----- Input for this task -----

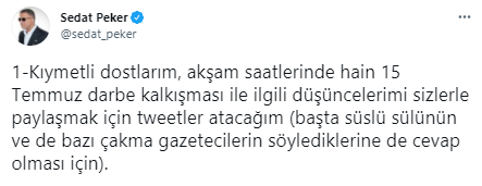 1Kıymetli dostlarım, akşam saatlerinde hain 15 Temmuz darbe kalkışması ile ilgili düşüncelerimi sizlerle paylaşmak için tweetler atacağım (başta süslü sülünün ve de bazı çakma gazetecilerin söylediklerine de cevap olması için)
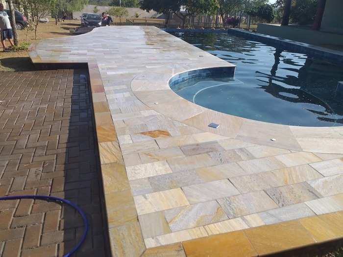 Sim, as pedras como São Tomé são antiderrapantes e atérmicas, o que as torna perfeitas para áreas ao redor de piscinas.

-----
----- Input for this task -----

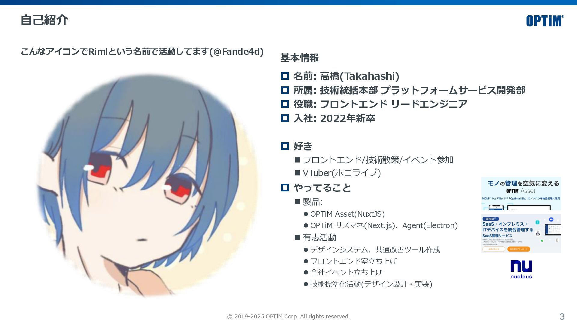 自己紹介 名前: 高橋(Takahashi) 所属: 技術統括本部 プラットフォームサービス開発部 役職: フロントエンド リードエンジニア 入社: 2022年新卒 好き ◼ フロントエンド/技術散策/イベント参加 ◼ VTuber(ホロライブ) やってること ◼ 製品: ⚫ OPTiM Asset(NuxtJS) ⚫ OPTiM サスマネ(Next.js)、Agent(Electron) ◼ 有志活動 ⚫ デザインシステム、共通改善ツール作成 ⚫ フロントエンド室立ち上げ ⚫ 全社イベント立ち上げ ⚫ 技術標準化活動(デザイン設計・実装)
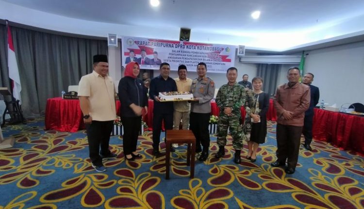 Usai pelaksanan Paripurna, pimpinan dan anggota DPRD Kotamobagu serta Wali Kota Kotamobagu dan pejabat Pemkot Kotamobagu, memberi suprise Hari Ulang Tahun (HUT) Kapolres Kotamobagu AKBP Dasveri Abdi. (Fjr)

-----
----- Input for this task -----

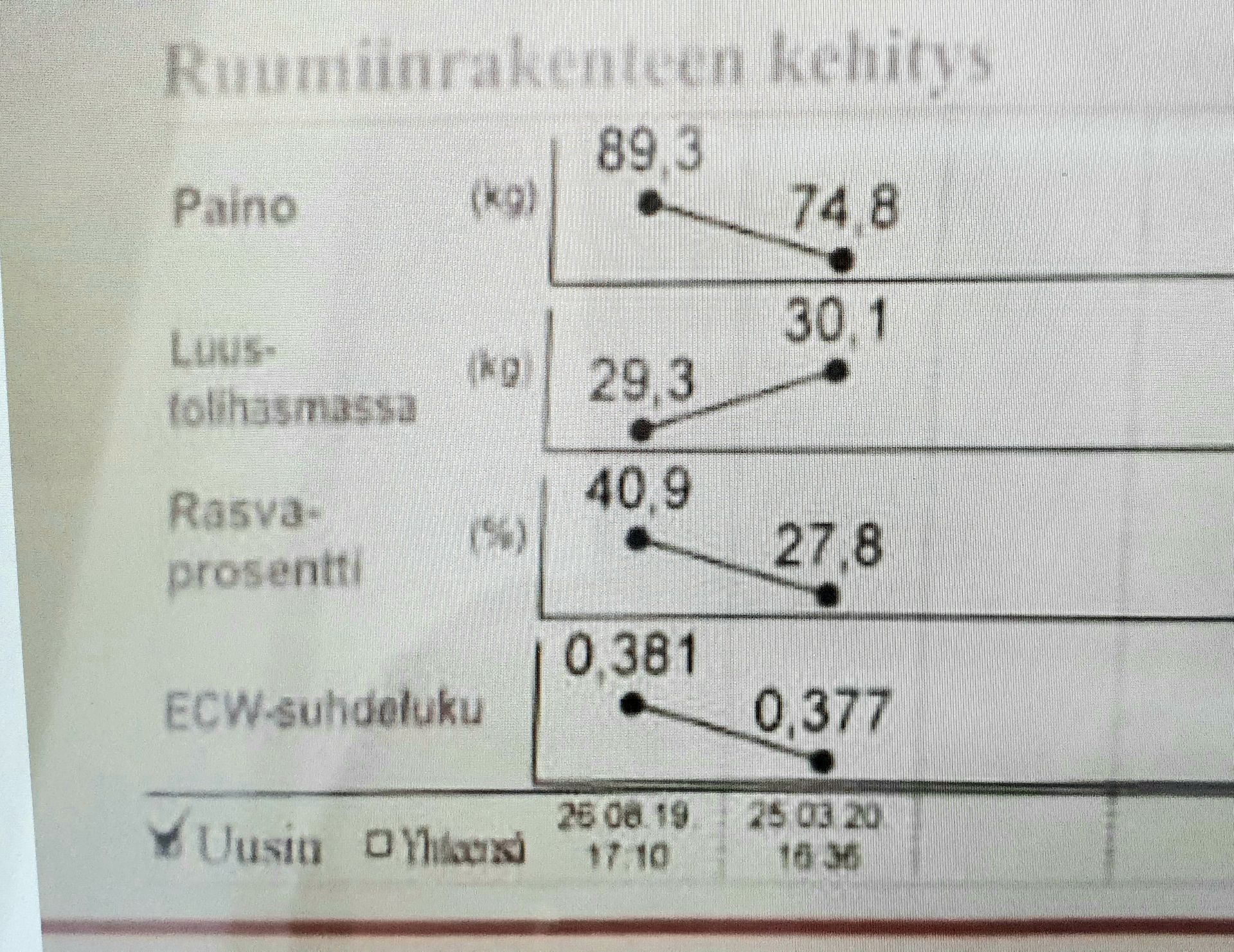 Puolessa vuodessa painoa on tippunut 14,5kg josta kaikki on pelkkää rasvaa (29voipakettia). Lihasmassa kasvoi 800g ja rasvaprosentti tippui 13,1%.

-----

Directions for this task: Here the job is to copy the stretch of records from the line containing "自己紹介 名前: 高橋(Takahashi)" through the line containing "Usai pelaksanan Paripurna, pimpinan", word for word. Leave every picture out.

Answer below:
 自己紹介 名前: 高橋(Takahashi) 所属: 技術統括本部 プラットフォームサービス開発部 役職: フロントエンド リードエンジニア 入社: 2022年新卒 好き ◼ フロントエンド/技術散策/イベント参加 ◼ VTuber(ホロライブ) やってること ◼ 製品: ⚫ OPTiM Asset(NuxtJS) ⚫ OPTiM サスマネ(Next.js)、Agent(Electron) ◼ 有志活動 ⚫ デザインシステム、共通改善ツール作成 ⚫ フロントエンド室立ち上げ ⚫ 全社イベント立ち上げ ⚫ 技術標準化活動(デザイン設計・実装)
 Usai pelaksanan Paripurna, pimpinan dan anggota DPRD Kotamobagu serta Wali Kota Kotamobagu dan pejabat Pemkot Kotamobagu, memberi suprise Hari Ulang Tahun (HUT) Kapolres Kotamobagu AKBP Dasveri Abdi. (Fjr)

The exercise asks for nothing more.